Pleidooi voor kloosterleven

[Recensie] Ter gelegenheid van het 900 jarig bestaan van de Norbertijnerorde, schreef cultuurtheoloog Frank Bosman een essay om de kwijnende gemeenschap van religieuzen een hart onder de riem te steken. “Jullie lijken wel gek, om in deze moderne tijden volop mogelijkheden voor zelfontplooiing te kiezen voor een leven in gehoorzaamheid en van gedwongen armoede, celibaat en gemeenschap. Maar dat wereldvreemde is precies je kracht. Blijf lekker gek, zorg dat de vlam van de dwaasheid niet dooft,” is zijn montere boodschap voor de premonstratenzers. Want alleen zo blijf je getuigen van de Koning der dwazen, Christus zelf.

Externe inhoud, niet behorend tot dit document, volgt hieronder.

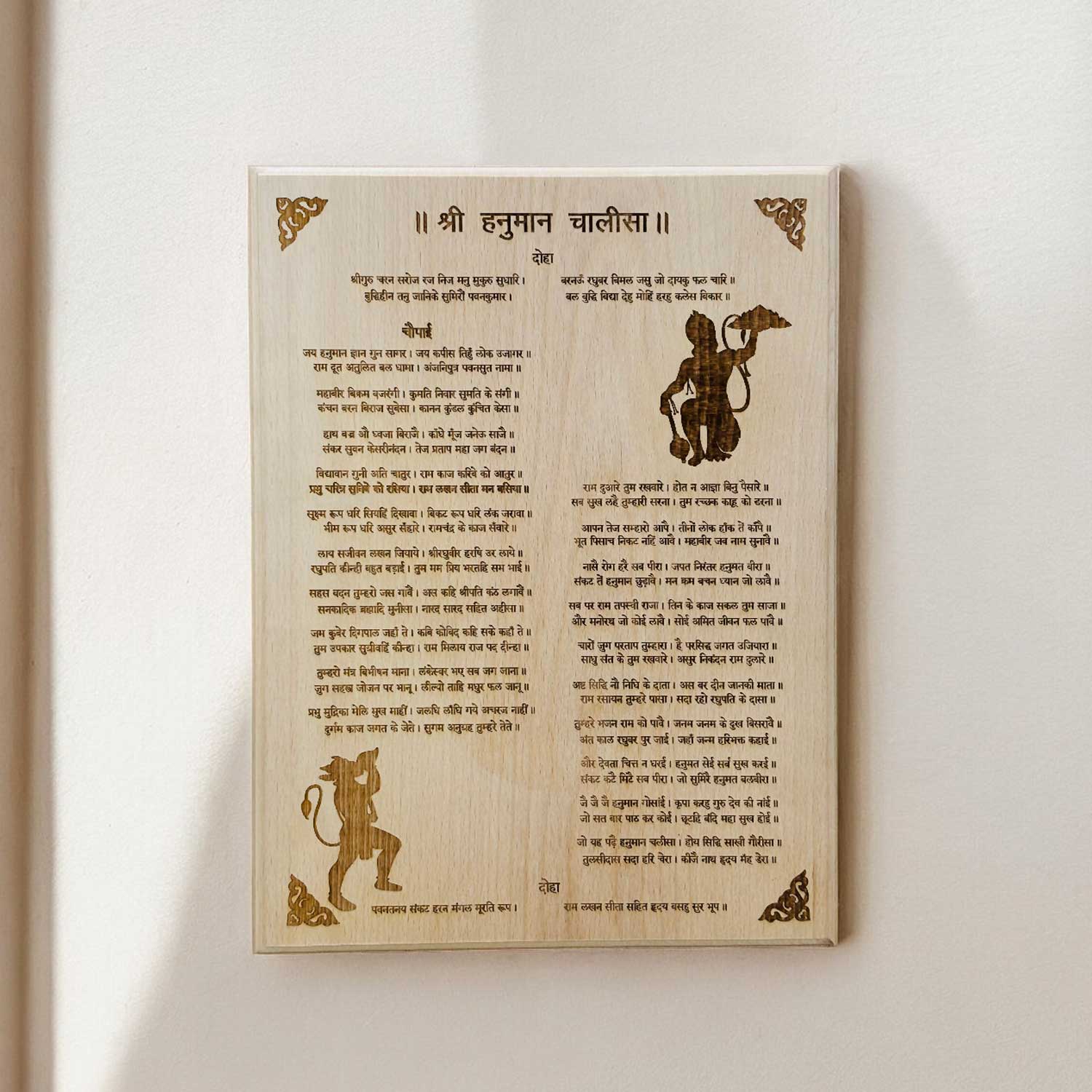 Introducing the Elegant Hanuman Chalisa Frame, a beautifully crafted piece that seamlessly blends spirituality with art. This stunning frame is made from premium-quality beech wood, ensuring durability and a timeless aesthetic. The Hanuman Chalisa is an important prayer in Hinduism, dedicated to Lord Hanuman, the epitome of devotion, strength, and protection. This Hanuman Chalisa frame not only serves as a decorative piece but also as a daily reminder of faith and devotion.

Dus in plaats van een kloek gedenkboek, waarin de geschiedenis van de orde wordt verteld en de hoogte- en dieptepunten worden gememoreerd, een lekker kort en dwars pleidooi. Bosman maakt een snel rondje langs de vele dwazen in Bijbel (de profeten, Jezus) en traditie. Van een profeet die met een hoer moet trouwen (Hosea) of een collega die zijn eten moet koken op koeienstront (Ezechiël) tot een koning die op een ezel rijdt. “Jezus is de anti-koning, of beter nog, de omgekeerde koning, een man verkleed als koning op een tweeduizend jaar oude carnavalszondag” (p. 70). Het carnaval is overigens nooit ver weg in dit vrolijke essay. Wat wil je ook bij een orde waarvan een van de belangrijkste wapenfeiten de kunst van het bierbrouwen is. Het gedrag van orthodoxe dwazen uit de na-Bijbelse traditie, als Basilius en de heiligen Simeon en Andreas is zo mogelijk nog meer bizar. Daar steken de ‘westerse’ religieuze dwazen als Franciscus (Gods jongleur) en Benedictus bleekjes bij af.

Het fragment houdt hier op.